Excerpts from a dataset:
___
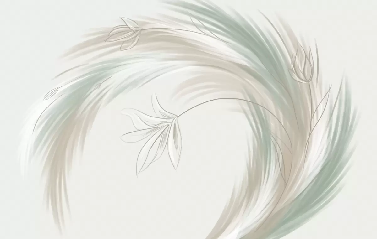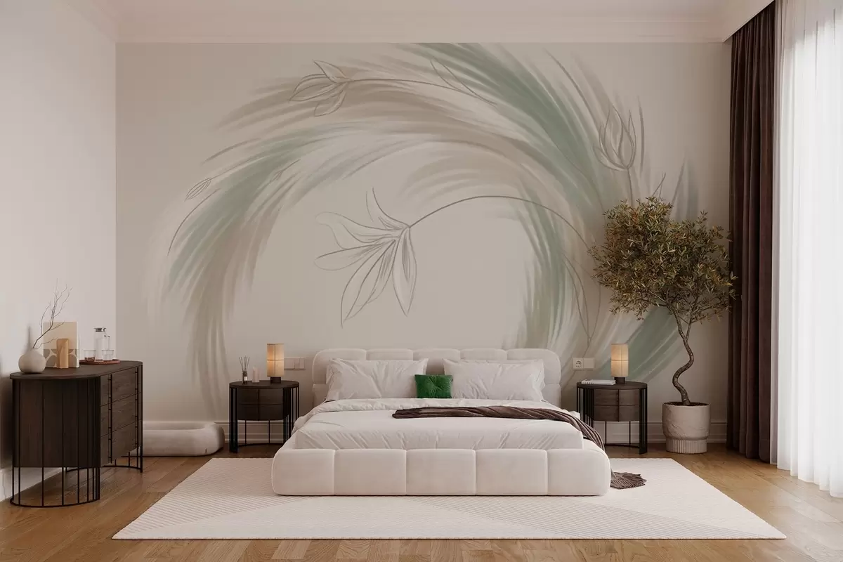 Stenske poslikave zelene in bež perje in cvetje, ročno poslikano Št. w04816
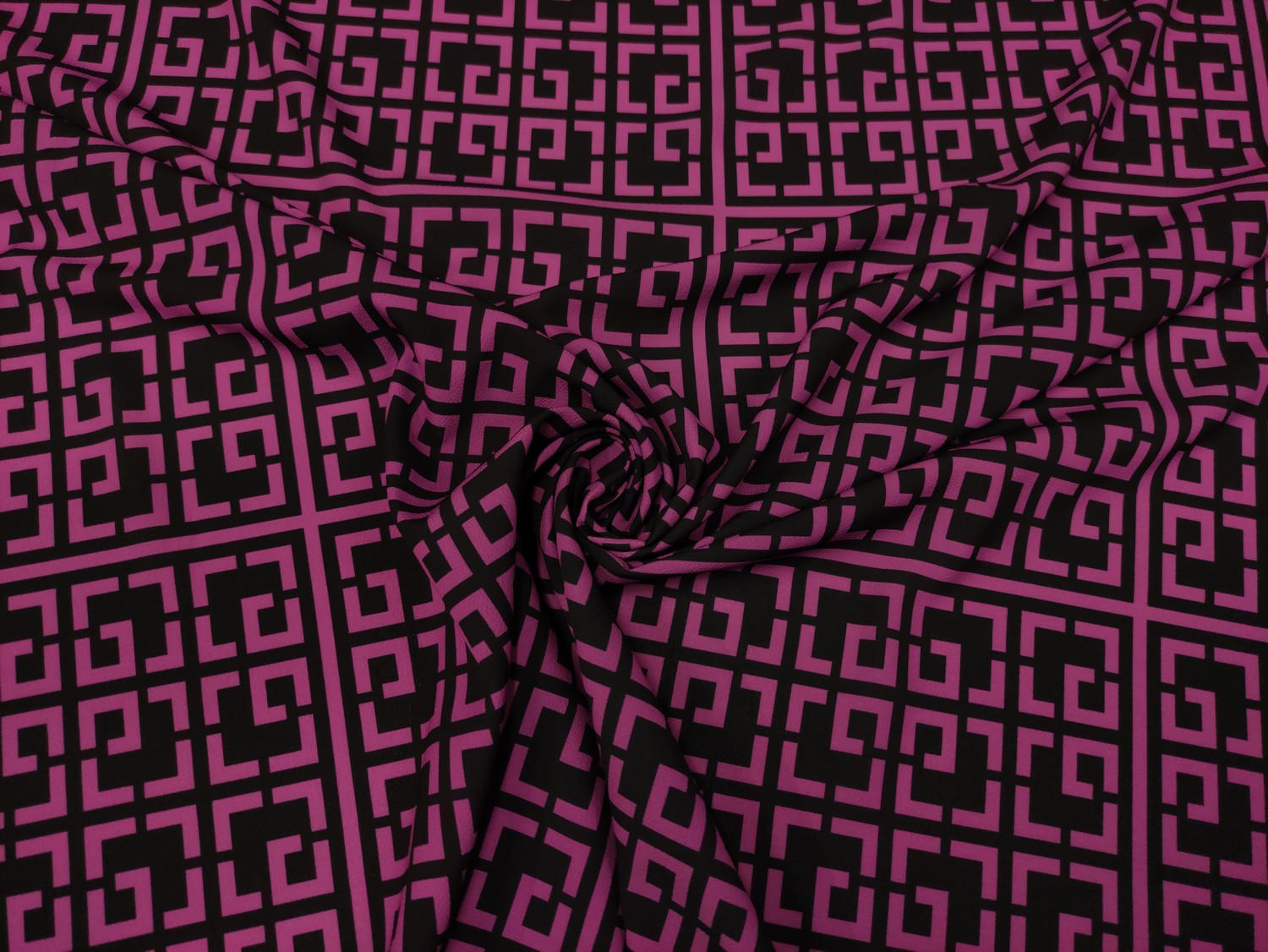 Tessuto Crepe a fantasia motivo geometrico nero – vinaccio
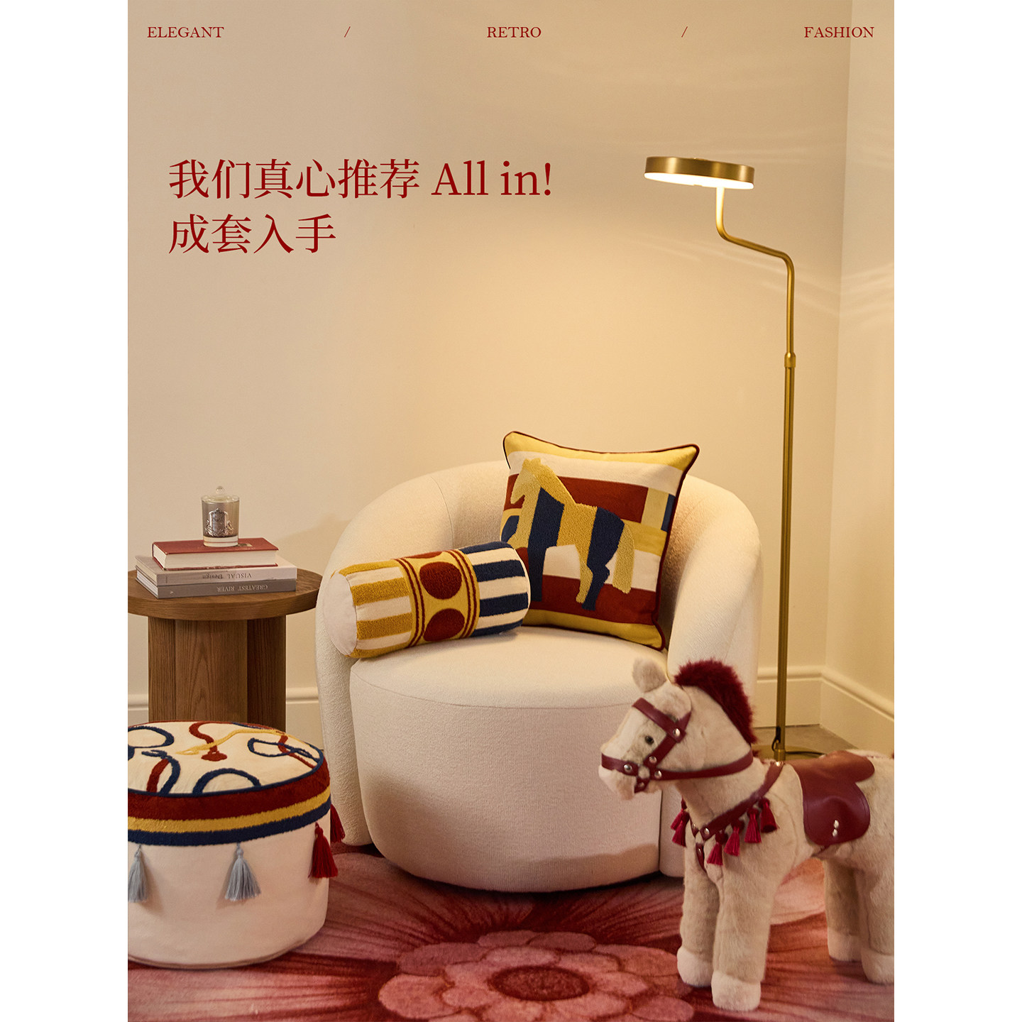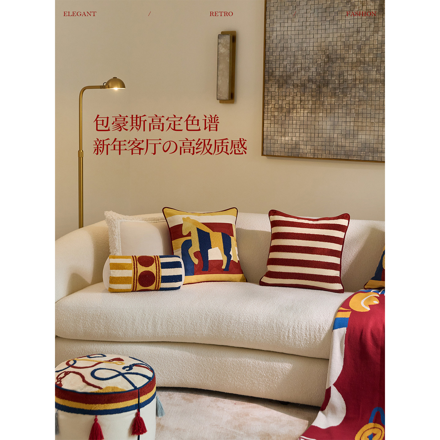 【新年礼物】蜡笔派「马承喜乐」马迹抱枕轻奢红色沙发靠垫新款O
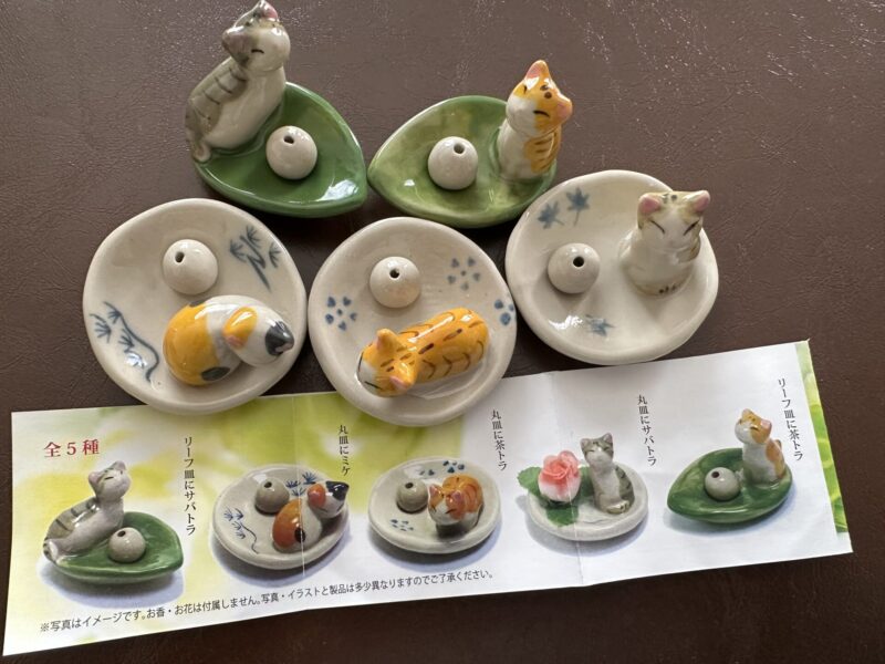 こちら、シャイングさんの「ねこがいるお香皿」で全5種類です。かわいい猫が乗っている香皿です。
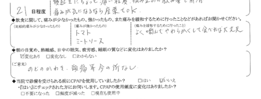 (ご意見) いびき等の心配が減り、気持ちも楽になった。
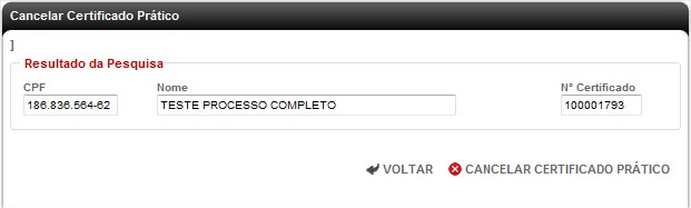 Cancelar Certificado Prático Neste item o sistema permite que o usuário cancele o número de certificado gerado a um cidadão, devido a alguma irregularidade. 1-Para cancelar o certificado, o usuário deve informar o número do CPF do cidadão e do certificado emitido. |
___
Produce an exact reprint of the entries, dropping the images.

 Stenske poslikave zelene in bež perje in cvetje, ročno poslikano Št. w04816
 Tessuto Crepe a fantasia motivo geometrico nero – vinaccio
 【新年礼物】蜡笔派「马承喜乐」马迹抱枕轻奢红色沙发靠垫新款O
 こちら、シャイングさんの「ねこがいるお香皿」で全5種類です。かわいい猫が乗っている香皿です。
 (ご意見) いびき等の心配が減り、気持ちも楽になった。
 Cancelar Certificado Prático Neste item o sistema permite que o usuário cancele o número de certificado gerado a um cidadão, devido a alguma irregularidade. 1-Para cancelar o certificado, o usuário deve informar o número do CPF do cidadão e do certificado emitido. |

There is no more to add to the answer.